The material below holds the lines to copy: from the one with "Not far down" up to and including the one with "Per il corridoio". Copy them exactly and skip the pictures.

● The data
++++++++++

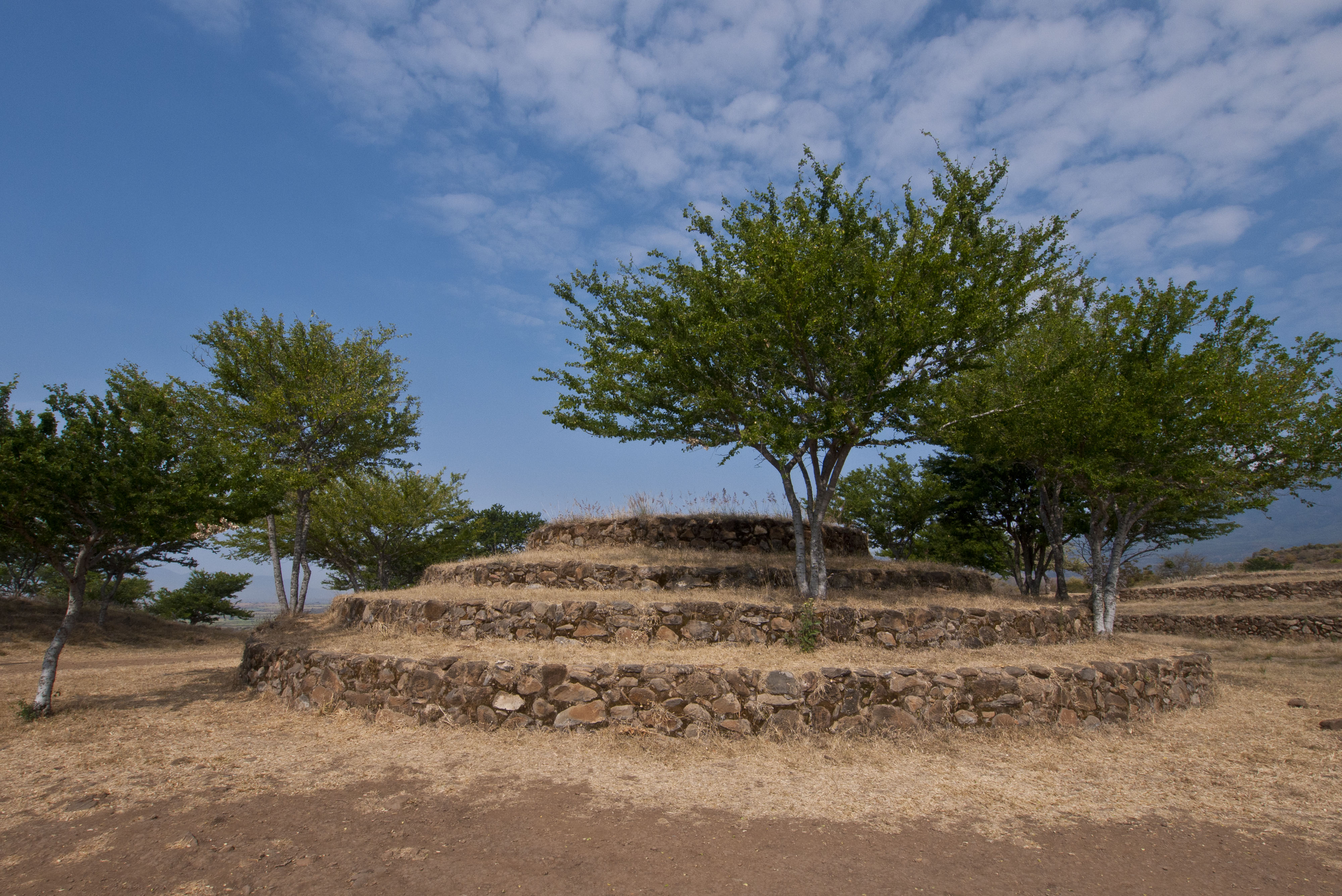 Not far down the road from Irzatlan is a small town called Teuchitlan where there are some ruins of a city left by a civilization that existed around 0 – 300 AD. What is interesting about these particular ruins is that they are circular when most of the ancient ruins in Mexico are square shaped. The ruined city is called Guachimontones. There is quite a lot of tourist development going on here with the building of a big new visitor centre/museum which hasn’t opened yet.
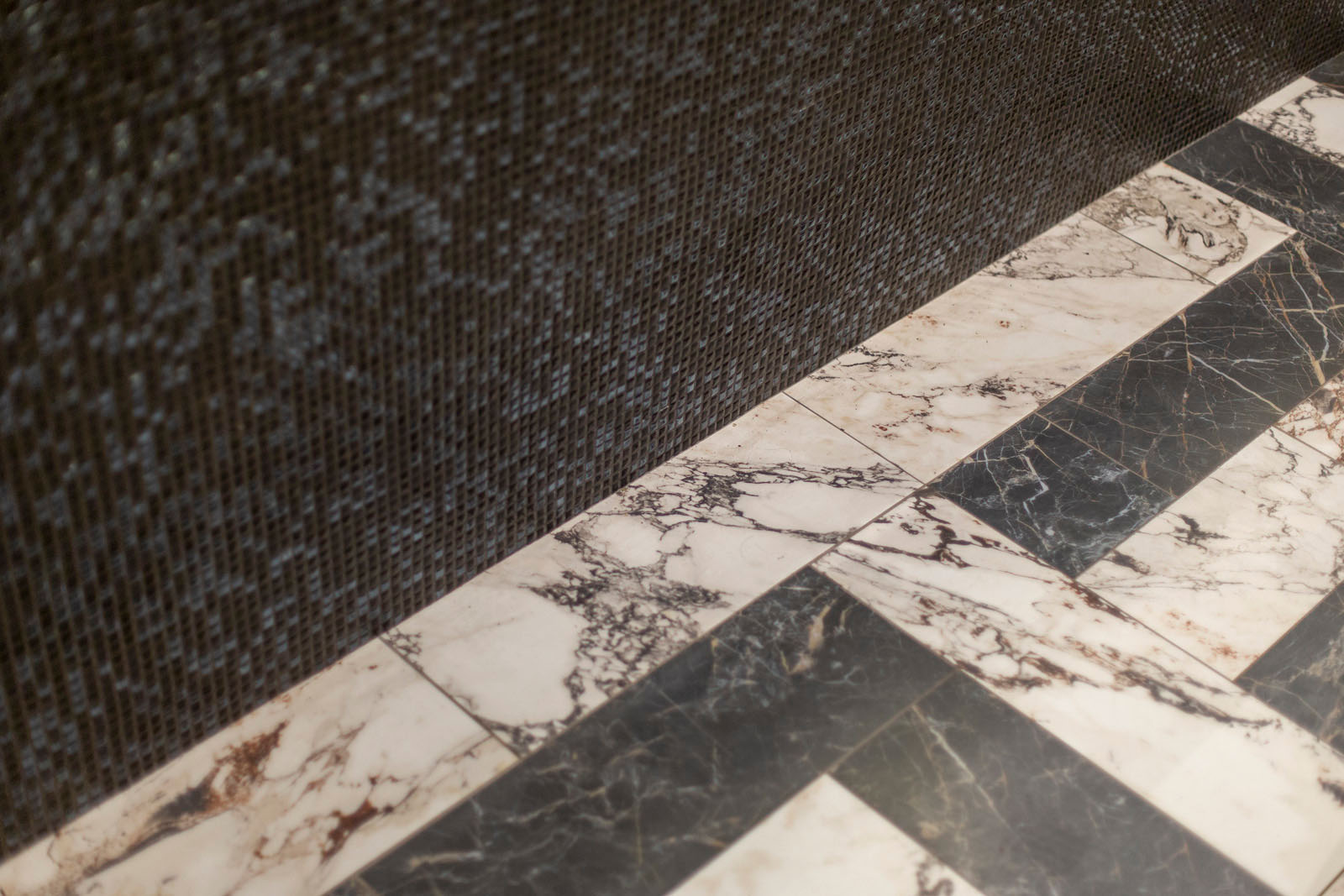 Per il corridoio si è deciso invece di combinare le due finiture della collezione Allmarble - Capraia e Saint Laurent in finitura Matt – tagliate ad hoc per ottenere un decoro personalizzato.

++++++++++

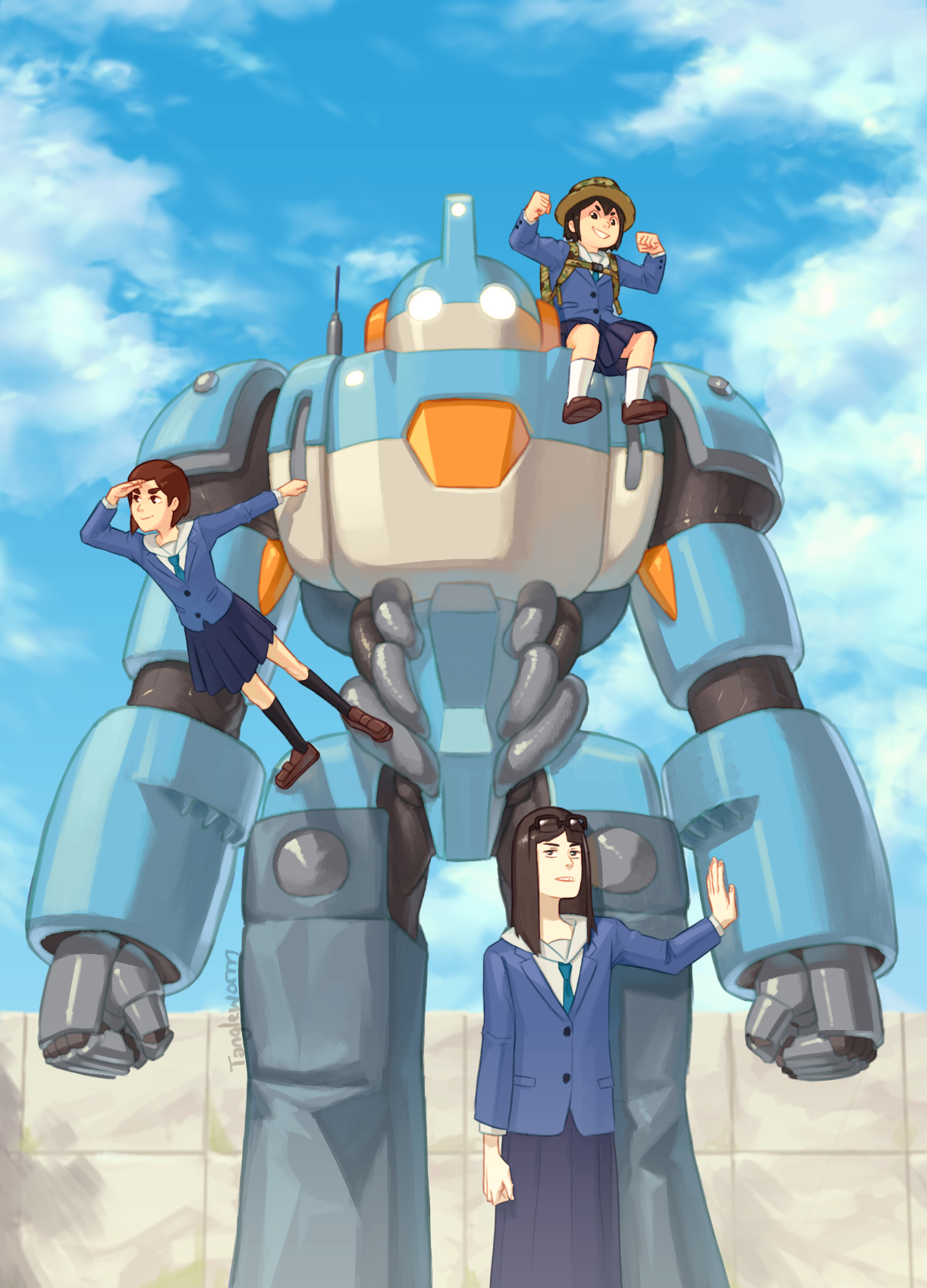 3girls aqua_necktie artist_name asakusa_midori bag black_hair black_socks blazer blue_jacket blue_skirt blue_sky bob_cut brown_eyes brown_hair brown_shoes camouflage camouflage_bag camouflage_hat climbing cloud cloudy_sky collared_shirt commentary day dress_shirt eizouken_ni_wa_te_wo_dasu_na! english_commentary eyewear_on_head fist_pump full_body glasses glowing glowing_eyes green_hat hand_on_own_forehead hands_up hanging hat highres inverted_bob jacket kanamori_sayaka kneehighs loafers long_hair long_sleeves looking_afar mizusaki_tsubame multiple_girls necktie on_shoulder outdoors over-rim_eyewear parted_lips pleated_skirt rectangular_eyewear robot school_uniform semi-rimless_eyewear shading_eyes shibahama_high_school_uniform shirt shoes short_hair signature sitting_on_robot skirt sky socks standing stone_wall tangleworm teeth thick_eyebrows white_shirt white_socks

++++++++++

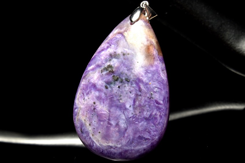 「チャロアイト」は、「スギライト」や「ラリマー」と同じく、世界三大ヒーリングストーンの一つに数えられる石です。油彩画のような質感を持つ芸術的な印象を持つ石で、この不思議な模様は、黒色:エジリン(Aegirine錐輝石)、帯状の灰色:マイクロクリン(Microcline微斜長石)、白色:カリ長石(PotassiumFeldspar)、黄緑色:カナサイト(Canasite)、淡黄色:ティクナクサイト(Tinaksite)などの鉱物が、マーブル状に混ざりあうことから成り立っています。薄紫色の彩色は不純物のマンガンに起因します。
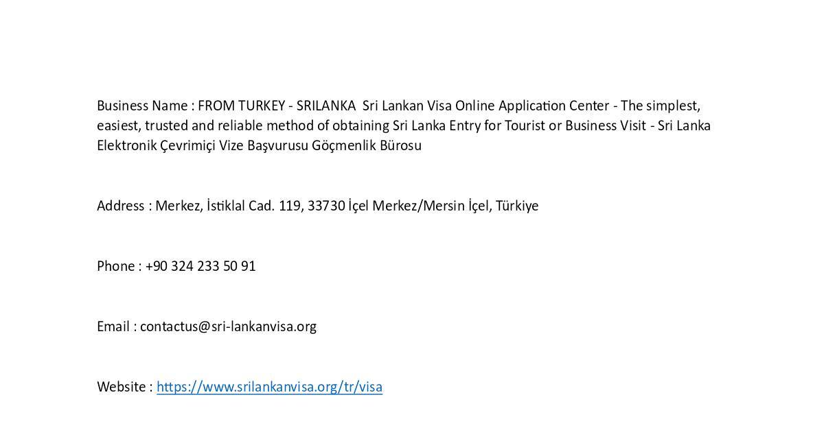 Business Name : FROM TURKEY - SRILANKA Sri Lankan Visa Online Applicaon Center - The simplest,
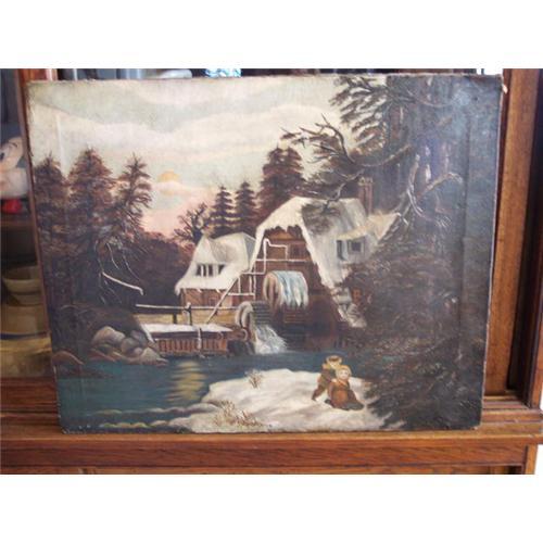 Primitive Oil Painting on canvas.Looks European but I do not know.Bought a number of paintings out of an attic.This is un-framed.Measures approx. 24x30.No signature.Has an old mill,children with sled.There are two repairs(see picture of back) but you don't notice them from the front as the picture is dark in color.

++++++++++

● Task result
 Not far down the road from Irzatlan is a small town called Teuchitlan where there are some ruins of a city left by a civilization that existed around 0 – 300 AD. What is interesting about these particular ruins is that they are circular when most of the ancient ruins in Mexico are square shaped. The ruined city is called Guachimontones. There is quite a lot of tourist development going on here with the building of a big new visitor centre/museum which hasn’t opened yet.
 Per il corridoio si è deciso invece di combinare le due finiture della collezione Allmarble - Capraia e Saint Laurent in finitura Matt – tagliate ad hoc per ottenere un decoro personalizzato.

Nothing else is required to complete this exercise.